Let’s explore debt and taxes a bit. We’ll ignore software for now, and just talk about money, as the concepts are somewhat fungible.
Debt is more sophisticated than it appears. The basic idea is that we borrows money for a period of time, in exchange for interest coupons. There are many sophisticated manipulations of that basic premise, but we’ll ignore most of them. Why do we borrow money in exchange for interest? We believe we can repay the principal sum and interest at expiry of the instrument or our desired time frame beforehand. Even better is that we might be able to make money beyond the interest coupons and principal.
This brings us to the concept of leverage. If we play our cards correctly, we can borrow money to make more money. We can make more money in both absolute and relative terms, even once we factor in paying off the debt. There are potential downsides to this approach. We can borrow more money than we need. We still make money, but the interest we pay on the money we don’t use has no upside. Far worse is not being able to pay off the debt with the proceeds from using that debt. We either lose money (if we have some to spare), or we’re bankrupt.
Leverage increases our upside potential and decreases our downside risk. Debt is a means to achieve leverage. In fact, it is common to seek a high leverage ratio in order to amplify our upside potential.
Things get weird from there. If we can’t pay our debt, another option might be to borrow more money. Perhaps we can refinance or take advantage of favorable market conditions otherwise. Perhaps we can continue to hold and accumulate debt because we can continue to make higher returns. Many of the healthiest sovereigns, companies, and individuals are constant debtors in favorable conditions.
Taxes are different. Despite the complexities of tax law, taxes are far less sophisticated than debt. When we experience gains or income, we don’t get to keep a certain percentage of that. If we make money, we pay taxes. If we don’t pay taxes, we are penalized and have to pay even more taxes. If we cannot pay our taxes, we can also go bust.
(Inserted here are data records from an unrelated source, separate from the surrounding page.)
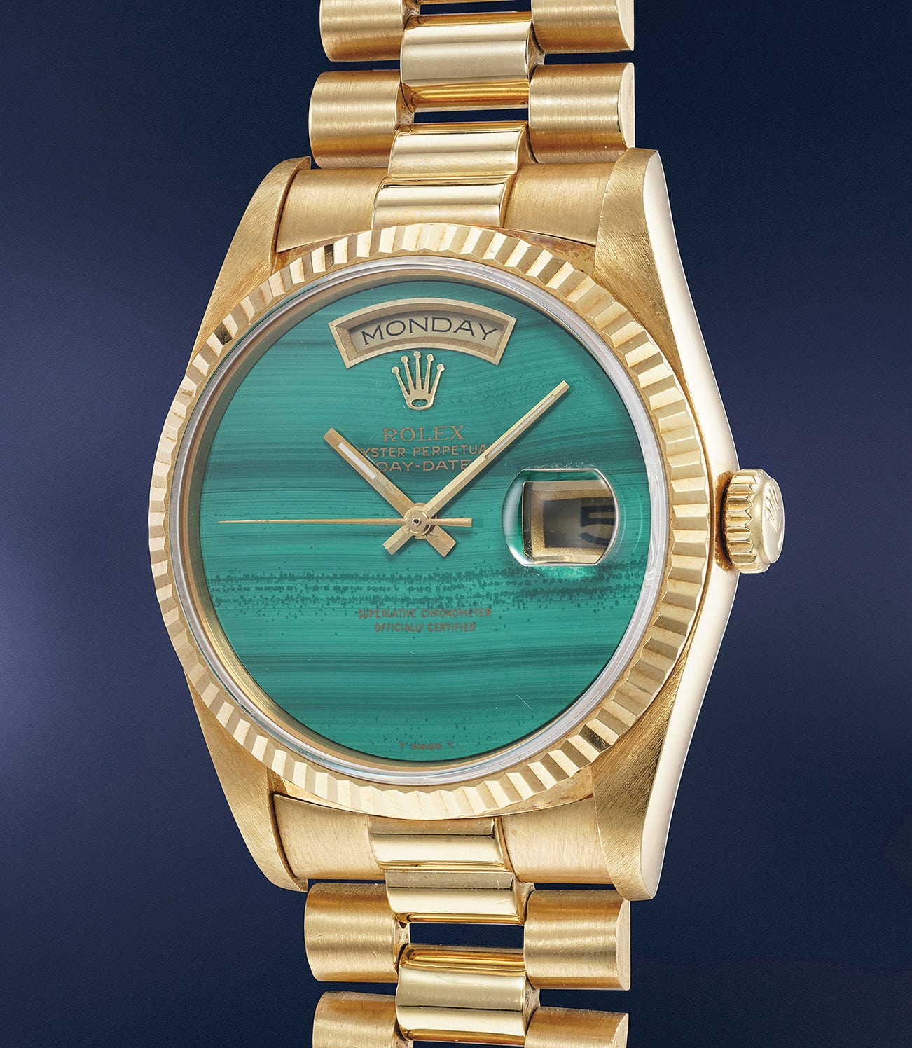 A highly rare and attractive yellow gold calendar wristwatch with center seconds, malachite dial and bracelet
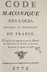 - 1. CODE MAÇONNIQUE DES LOGES REUNIES ET RECTIFIEES DE FRANCE. Tel qu'il a été approuvé par les députés des directoires de France au Convent national de Lyon en 5778 [1778]. S.l.n.n., 5779 [1779]. Illustration de bois gravés dans le texte, certains à motifs maçonniques. ENVOI AUTOGRAPHE SIGNÉ DE FRÉDÉRIC-RODOLPHE SALTZMANN EN QUALITÉ DE CHANCELIER DU DIRECTOIRE ÉCOSSAIS DE BOURGOGNE SÉANT À STRASBOURG (avec sceau de cire sous papier de ce Directoire) : « Expédié à l'usage de la Loge réunie & rectifiée de Ferdinand aux Neuf Étoiles, à l'Orient de Strasbourg... » Franc-Maçon actif ayant adhéré à la Stricte Observance Templière, il participa aux Convents de Lyon en 1778 et à celui de Wilhelsmbad en 1782.
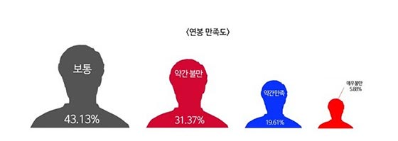 经过三年的努力,韩国选手在世界赛上赢下了一个又一个的冠军,现在电竞圈的局势已经很明显,那些优秀的韩国选手在本土以外的赛区能够获得更好的收入。在LPL赛区里,战队大肆使用韩国选手,甚至在欧洲或北美LCS的赛区韩国选手也能得到更高的薪酬。早些前解散的Najin战队就是因为合同没有谈拢,在LCK赛区除了faker等明星选手能够拿到一个丰盛的报价,大部分人的工资远不如那些以韩援身份加入其它赛区队伍的选手。在薪酬满意度调查中,有37.37%的选手对目前的收入感到非常不满,比较满意自己工资的只有19.61%。

How do these concepts connect? Gains from leverage are taxed. Losses from leverage may provide a tax credit. Paying interest coupons, for that matter, may provide a tax credit. Leverage is optional. Taxes are mandatory.
Meanwhile, Back in Software
A big difference between debt and taxes is intent. We intend to use leverage to achieve great things. We have to pay taxes on what we achieve, whether great or not.
We often undertake large projects or commit numerous incremental changes over time. When we do this, we do not often begin these efforts with the intention of returning to pay our debts after a set amount of time or effort. We are not borrowing something in order to return it, with interest, and still turn a profit. We seldom are able to achieve far greater things via leverage by paying their price at a future date. Engineering debt is not something that often occurs in the wild.
Unlike debt, engineering taxes accumulate as we build and change things. They are not optional. If we don’t pay them, the taxes accumulate and the problems compound. There are no terms to negotiate. There are not sophisticated means to obviate taxes. In the perfect world, about all we can do to avoid them is dispose of code and systems. In reality, this is likely to impose its own tax or to be unpalatable. This goes back to the concept of making money and the more traditional definitions.
This is a semantic debate, but we need to stop incorrect use of debt in an engineering context. Instead, we need to acknowledge that in our work, we accumulate non-discretionary taxes that always come due.